The affidavit of the Clinton Deputy Superintendent of Security states the following: There is no record in the Clinton security file of the letter claimant alleges was sent to the Deputy Superintendent of Security prior to the incident; claimant never identified any specific inmate that posed a threat to him prior to the incident; claimant has never identified the inmate who cut him; claimant never requested protective custody prior to the incident; claimant testified at his Involuntary Custody Hearing (after the incident) that he did not know of any reason why the unidentified inmate cut him.

The affidavit of the correction officer who witnessed the "fighting" which led to the claim states that he was assigned to "duty at 21 post in the North Yard" and observed claimant and inmate Salsbery "trading close-fist punches" and "immediately issued a direct order for them to stop fighting. When they did not comply, I called the response team." The correction officer further states that "after several direct orders, they did comply and the responding officers escorted the two men to the facility hospital."

Finally, the correction officer asserts that:

"[T]here were 243 inmates in the North Yard. When a fight does occur, it is the responsibility of the officers at designated posts to order those involved to stop fighting. If they do not, we then call the response team in order to stop the fight. Corrections Officers at posts do not leave their posts to enter the yard to stop a fight.

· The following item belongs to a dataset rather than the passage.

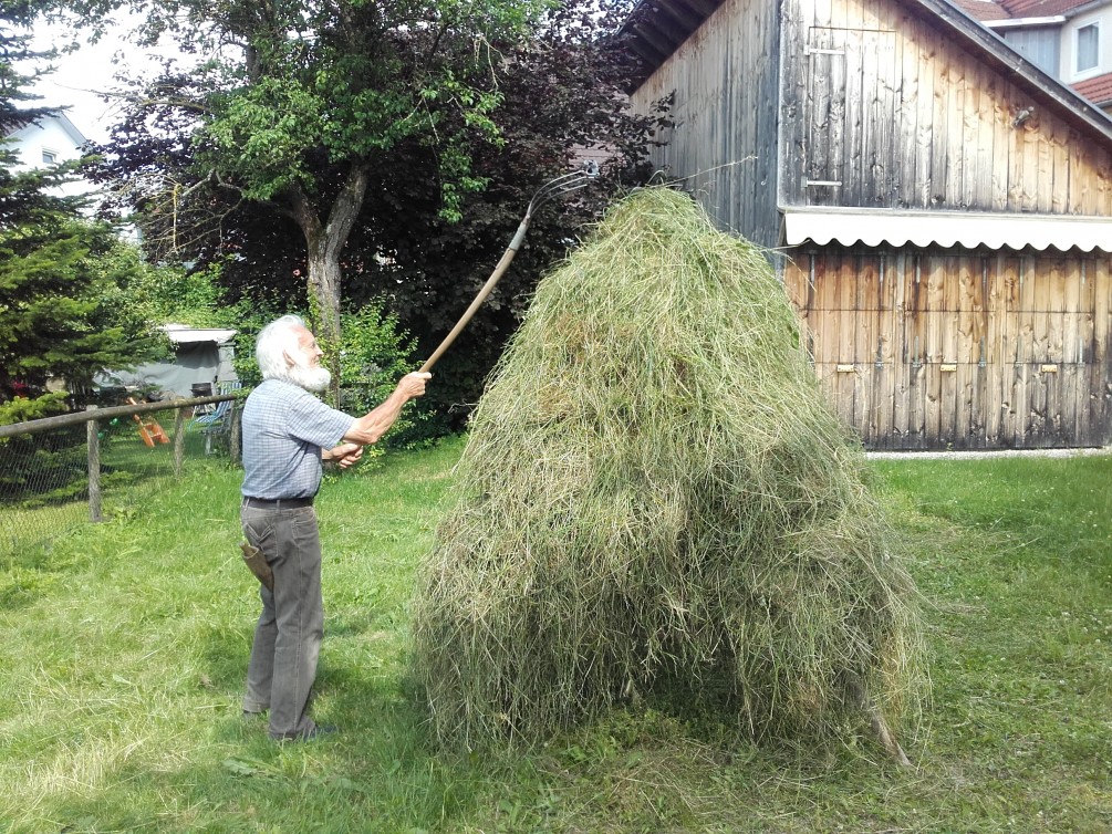 Einmal im Monat greift im Betzinger Museum Im Dorf der Museumsbauer zum historischen Werkzeug. Heinz-Jürgen von Boetticher zeigt und erklärt dabei alte Techniken und Arbeitsweisen. Für den Juni hat sich der gelernte Landwirt die Heuernte auf historische Weise vorgenommen. In seiner Jugend hat er selbst noch wie die Ahnen Heu gemacht und gibt nun dieses Wissen gerne weiter. Im Museumsgarten wurde extra ein Stück Wiese nicht gemäht, so dass die ganze Produktion vom stehenden Gras bis zum fertigen Heu nachvollzogen werden kann. Auf Schlepper und Ballenpresse kann von Boetticher dabei getrost verzichten: gemäht wird mit der Sense, das Wenden erfolgt mit der Gabel, und das geschnittene Gras wird auf so genannten „Heinzen“ zum Trocknen aufgehängt. Bei gutem Wetter beginnt die Heuernte am Sonntag, 17. Juni um 11 Uhr. Nicht nur Zuschauer, sondern auch alle, die gern selbst mit anpacken wollen, sind herzlich eingeladen.

The incident seemed to be spontaneous and lasted less than a minute."

The Court finds, on this record, that questions of fact exist, including, but not limited to, whether defendant failed to exercise reasonable care to protect claimant from a foreseeable risk of assault by a fellow inmate or inmates and whether defendant negligently failed to respond to the incident involving claimant in a timely manner.

Claimant's motion for summary judgment as to defendant's alleged liability for negligently failing to protect him from an assault by a fellow inmate, and for negligently failing to timely respond to the incident, is denied.

November 14, 2018

Albany, New York

FRANK P. MILANO

Judge of the Court of Claims

Papers Considered:

1. Notice of Motion for Summary Judgment, filed July 23, 2018;

2. Affidavit of Edy Rodriguez, sworn to June 6, 2018, and annexed exhibits;

3. Affirmation of Anthony Rotondi, dated August 22, 2018, and annexed exhibits, including affidavits of Theodore Zerniak, sworn to August 7, 2018 and the affidavit of Travis Stewart, sworn to August 13, 2018;

4. Unsworn Reply of Edy Rodriguez, affirmed under penalty of perjury on September 6, 2018.